September 2008


First Junior Golf Tournament held in Vietnam...

The Vietnam Golf Association will be hosting its first Junior Golf Tournament and it really is an auspicious moment because junior golf programs are vital to the growth of the sport in Vietnam, but that’s only the tip of the iceberg when it comes to what learning golf can do for an impressionable young child.

Golf teaches young people about the importance of accepting responsibility for one’s own actions, about obeying rules, cleaning up after oneself and, most importantly, why cheating is bad.

One of the biggest problems facing society is a breakdown of belief in the system of rules. Far too many kids nowadays feel its ok to lie a bit, cheat to get ahead and flout the rules because they see people on TV or in the movies do it. Their role models are far from flawless.

Their rationale is that "everyone does it so if I don’t do it first, I will lose out."

While this might seem to be somewhat true on the surface, the truth of the matter is that once you sacrifice your principles for immediate short-term gain, you lose and worse it’s a dark slippery path they’ve committed to follow.

So, how to save our children from all the negative influences out there nowadays? It’s not easy and I am sure that many parents have wrestled with this question because the odds are against them. The first thing is to face facts – MTV, HBO, ESPN and your children’s friends have more influence over them than you do.

The best way to fix a bad habit is to replace it with a good habit. Replace a negative influence with a positive one, but which ones?

In the old days, parents would tout the benefits of religion and use the "fear of G-d" to keep kids in line, but unfortunately less people seek the comfort and safety of religion nowadays for many different reasons and this is yet another reason why society seems to be going down the tubes.

If you have no fear of the afterlife, what is to stop you from running amok here and now besides fear of prison?
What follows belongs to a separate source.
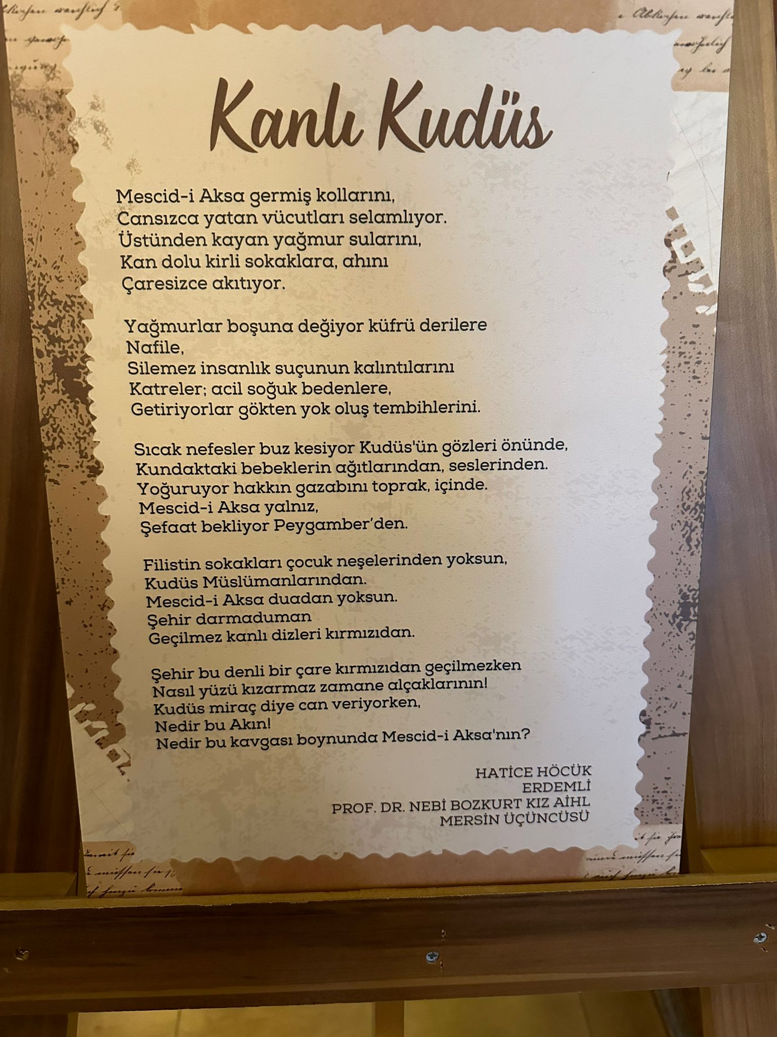 Müslümanlar için Mekke’deki Kâbe, Medine'deki Mescid-i Nebevi gibi, Kudüs'teki Mescid-i Aksa da o derece önlemlidir, kıymetlidir. Kudüs, Hazreti Davut Peygamberin fethettiği Hazreti Süleyman Peygamberin şekillendirdiği, Hz. İsa’nın göğe, Peygamberimiz Hazreti Muhammed'in miraca yükseldiği yerdir. Bu yönüyle de bütün semavi dinlerin önemli saydığı, kutsal saygıyı değer atfettiği bir yerdir. Bu kadar değerli bir yere insanoğlunun gözü gibi bakması, gönülden bakması gerekir. İşte bizim ecdadımız bu topraklara, bu kutsal emanetlere gönülden bakmış, gözünden sakınmış ve oralara namert elini dokundurtmamıştır. Ancak 1917 yılından itibaren İngilizlerin yönetimine geçmesi ile bu durum değişmiştir. 1967 yılında İsrail'in eline geçmesiyle o günden bugüne yaşanan problemler giderek artmıştır. Oysa bizim devletimizin kontrolü altında sadece Müslümanlar değil bütün diğer inançlara mensup insanlar bu topraklarda huzur ve barış içerisinde yaşamışlardır. Türkiye Cumhuriyeti Devleti kurulduktan sonra da ve orada 1967 yılında İsrail Devleti kurulduktan sonra da ülke olarak Filistin ile bağımızı koparmadık. Bir gün inşallah dünyada gerçek manada iyilikten, güzellikten yana olan öldürmekten değil, yaşatmaktan yana olanlar kazanacak diyor, hepinizi sevgiyle, saygıyla selamlıyorum.” İfadelerini kullandı.

Very little, that’s what.

Golf is probably the closest game which espouses many of the same virtues found in the major religions, yet doesn’t offend people of different faiths because it doesn’t invoke a deity.

Thus, "fear of G-d" is replaced by the "fear of being ostracised".

Cheaters and sandbaggers are despised by most every "true" golfer and make no mistake there is a difference between being a golfer and someone who plays golf.

Cheats have trouble walking through the clubhouse without people whispering behind their back, or openly sneering at them. Come tournament time they can barely make a swing without people questioning it and their scorecards are examined like the secret of the universe is contained on a microdot somewhere on it.

To me, the single most important lesson kids can learn from golf is "accepting responsibility for their own actions."

In golf, you choose your route to the green, pick the club that you think gives you the best approach, set your stance and alignment and make your best swing.

Then deal with the results.

If the ball is in the fairway, congratulations you achieved your immediate goal, but if its in the trees, you have to deal with it. Weeping, tearing your hair and complaining about the unfairness of the universe won’t change a thing…you hit it there, nobody put a gun to your head and said "slice into the trees or I’ll blow your head off."

The ball doesn’t move, it just sits there waiting for you to hit it (yes, scientists are trying to verify reports that the ball is silently laughing at you as well), so if you hit a bad shot, accept responsibility and deal with it. Get back into play and try to salvage the situation. Its not over yet, you still have a lot of holes yet to play.

So, golf builds moral character and reveals peoples deepest flaws if you know how to read it properly. Watch someone who blames everyone but himself for a bad round…bet he does the same thing in business too.

See someone cheating? Would you trust them in a business deal?

Golf also teaches you that one bad shot doesn’t kill a round and that there are always ways to get back into the match.